In 1951, Christian Dior sent a group of models to Athens to create a fashion editorial with the Acropolis in the background. And in Paris Match the teacher expressed that he had chosen this majestic setting because “he needed to find a reason for making a collection in another part of the world to make some sense”.
Now, 70 years later, Maria Grazia Chiuri, the creative director of the house, has returned to that place to give more meaning and message than ever to her cruise collection.
After a more than difficult season and in a slow but impressive “return to normalcy” Dior has thus signed a simply sensational cruise collection. Overwhelming. The most inspiring and inspired since he has run the House.
The halftime collection is finally presented in an emblematic place and with an audience
In his new “departure” from Paris (necessary, since the capital already has its week of prêt-à-porter and another for haute couture), to resume the tradition of presenting the halftime collection in other (emblematic) places of the world Maria Grazia Chiuri repeats this destination for being exceptional, the cradle of Western civilization and European arts and giving a decidedly Hellenic touch to its Cruise 2022 collection.
He has reinvented his genealogy for this and modifies most of the house codes and gives a renewed prominence and intention to the peplum.
And most importantly, again, he did it before the public, select as always, and in a smaller number than ever but with personalities with strong ties to the house such as Catherine Deneuve, Cara Delevingne, Beatrice Boroomeo, Suki Waterhouse, Miranda Kerr, Maria Sakkari or Eugenie Niarchos.
In this spirit, the collection recreates its own map of Greece, with its references and poetry, from the works of Giorgio De Chirico to vases decorated with battles by Alexandre Iolas.

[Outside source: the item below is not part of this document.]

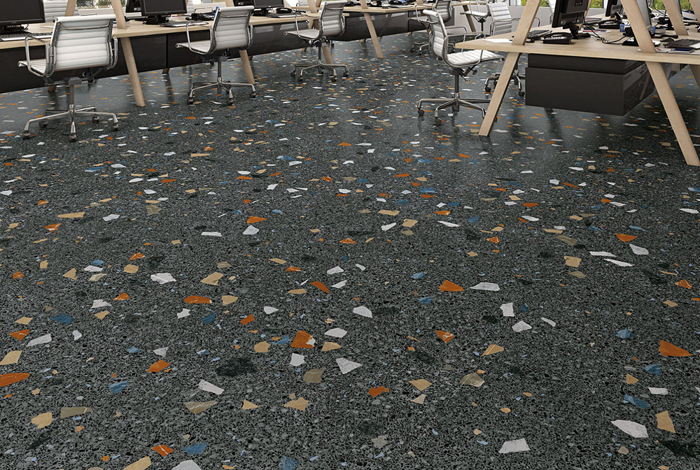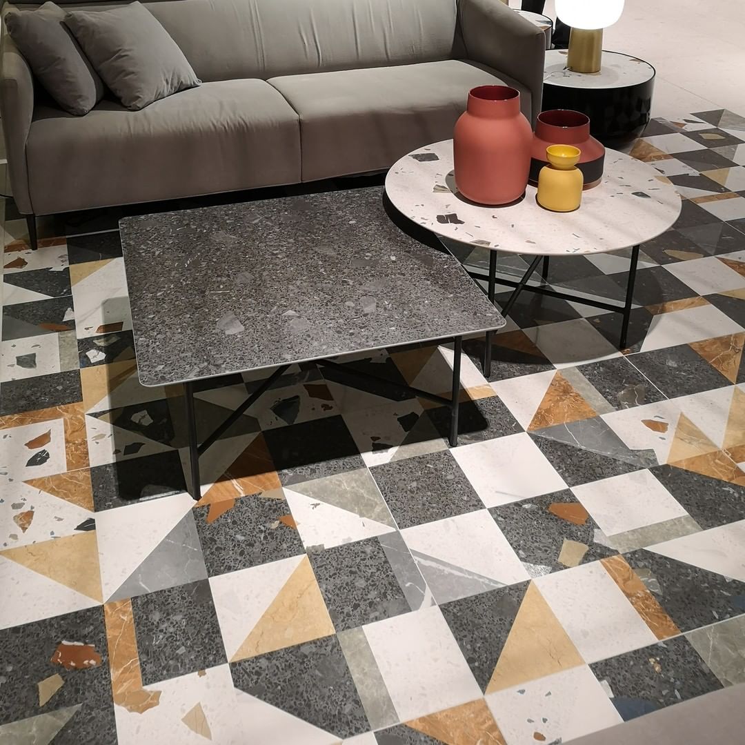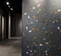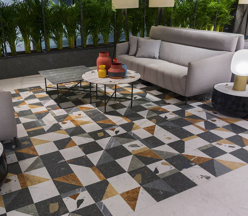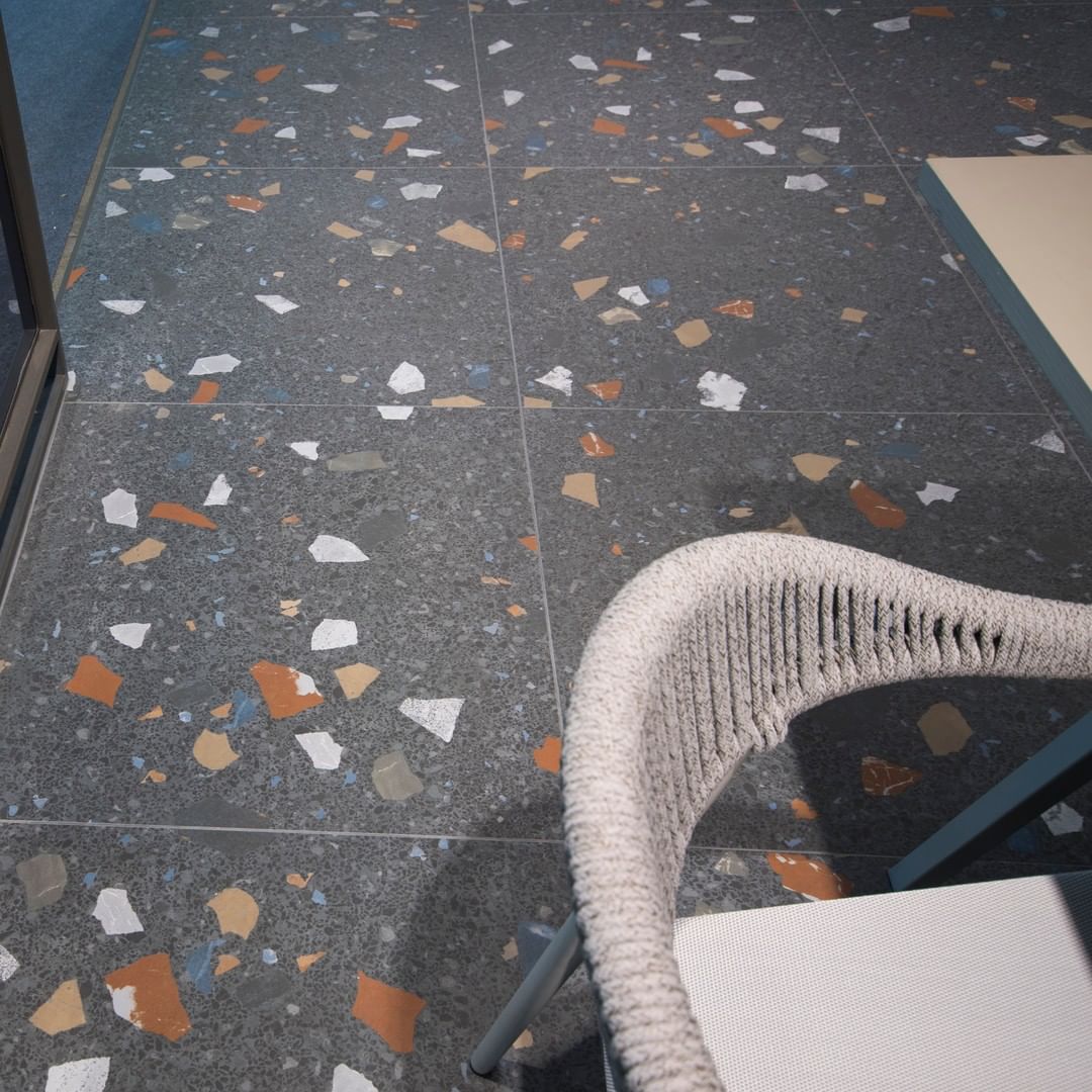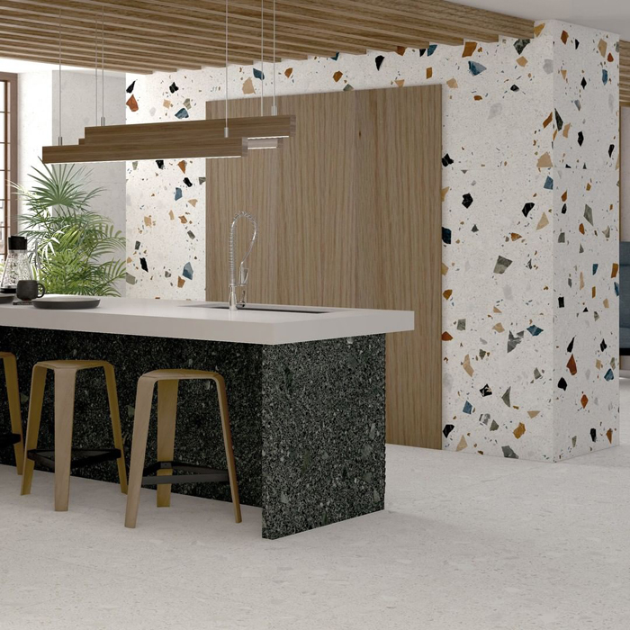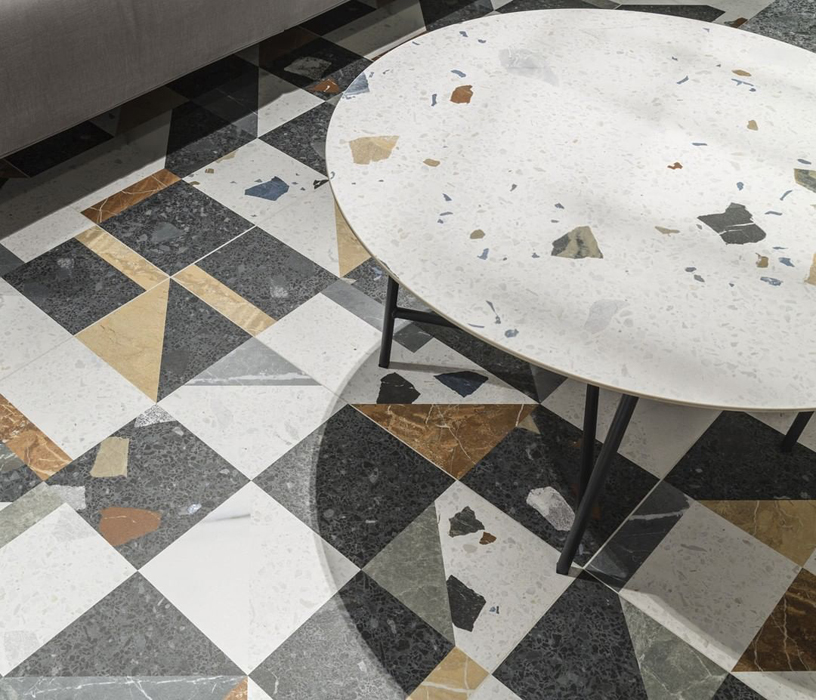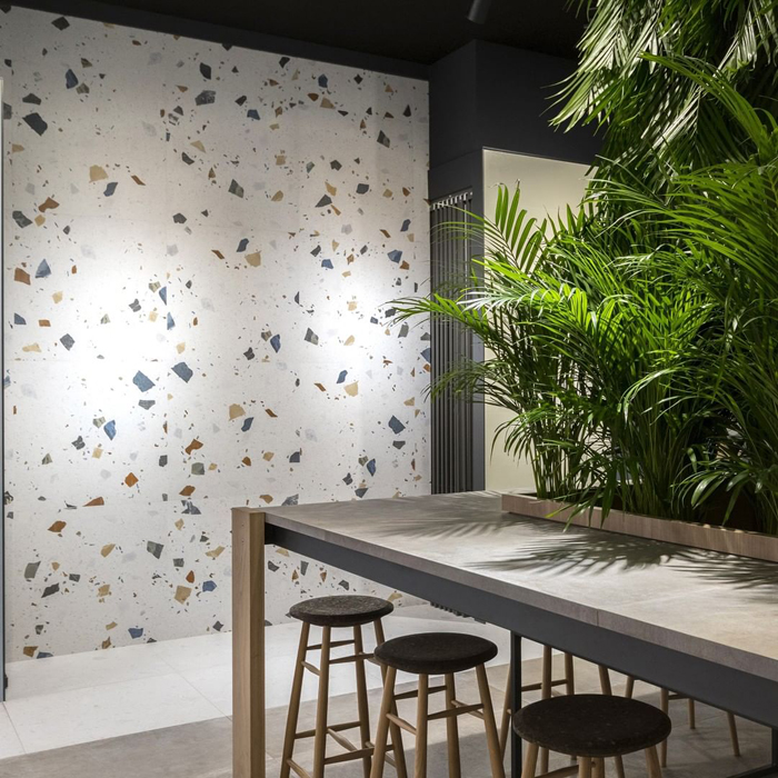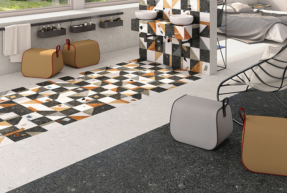 Концептуально коллекция состоит из трех различных видов терраццо-плитки. Базовые элементы представлены однотонными Miscela Nacar и Miscela Grafito. Светлая плитка Miscela Nacar визуально напоминает мозаику из зерен различного размера. Более насыщенной в этом плане выглядит Miscela Grafito, состоящая из контрастирующих между собой черных и светлых зерен. Максимально оригинально выглядят элементы Stracciatella-r: на фоне мелкозернистой однотонной структуры выделяются яркие ассиметричные вкрапления более крупных геометрических элементов.

Giant silhouettes stand out in the foreground in sketches by artist Pietro Ruffo or are camouflaged in a selection of sportswear.
The ‘peplum’ and white pantsuits that evoke those of Marlene Dietrich are back
The proposal has a decisive impact on white and especially on the series of white pantsuits that evoke those of Marlene Dietrich, structuring a balanced lexicon between classicism and freedom.
But this Hellenization goes further and Maria Grazia Chiuri reinvents the oversized houndstooth with it and makes the cannage motif acquire new abstractions.
All in a perfect alliance of heritage and modernity that, within the iconic Panathenaic Stadium, the stage of the show, reveals a manifesto for a body that more than ever “enjoys freedom of movement, acting without restrictions.”